The human PRODH gene has been shown to have unique roles in regulating cell survival and apoptotic pathways and it has been related to velocardiofacial syndrome/DiGeorge syndrome and increased susceptibility to schizophrenia. It encodes for the flavoprotein proline oxidase (PO), which catalyzes the conversion of l-proline to Δ(1)-pyrroline-5-carboxylate.

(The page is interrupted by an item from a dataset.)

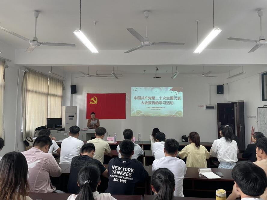为进一步贯彻落实支部党员学习党的二十大会议精神,11月2日下午,土木与工程学院学生第五党支部于2205教室组织开展了中国共产党第二十次全国代表大会报告的学习活动,本次学习活动由我院学生第五党支部支部书记主持。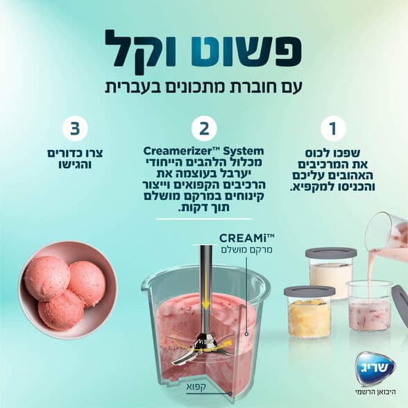 עם טכנולוגיית ה-Creamify™ יערבל את המרכיבים וייצור עבורכם פינוקים כמו שאתם אוהביםבמרקמים

Despite the important physiological and medical interest in human PO, up to now only microbial homologues of PO have been expressed as recombinant protein and fully characterized. By using a bioinformatics analysis aimed at identifying the catalytic domain and the regions with a high intrinsic propensity to structural disorder, we designed deletion variants of human PO that were successfully expressed in Escherichia coli as soluble proteins in fairly high amounts (up to 10mg/L of fermentation broth). The His-tagged PO-barrelN protein was isolated as an active (the specific activity is 0.032U/mg protein), dimeric holoenzyme showing the typical spectral properties of FAD-containing flavoprotein oxidases. These results pave the way for elucidating structure-function relationships of this human flavoenzyme and clarifying the effect of the reported polymorphisms associated with disease states.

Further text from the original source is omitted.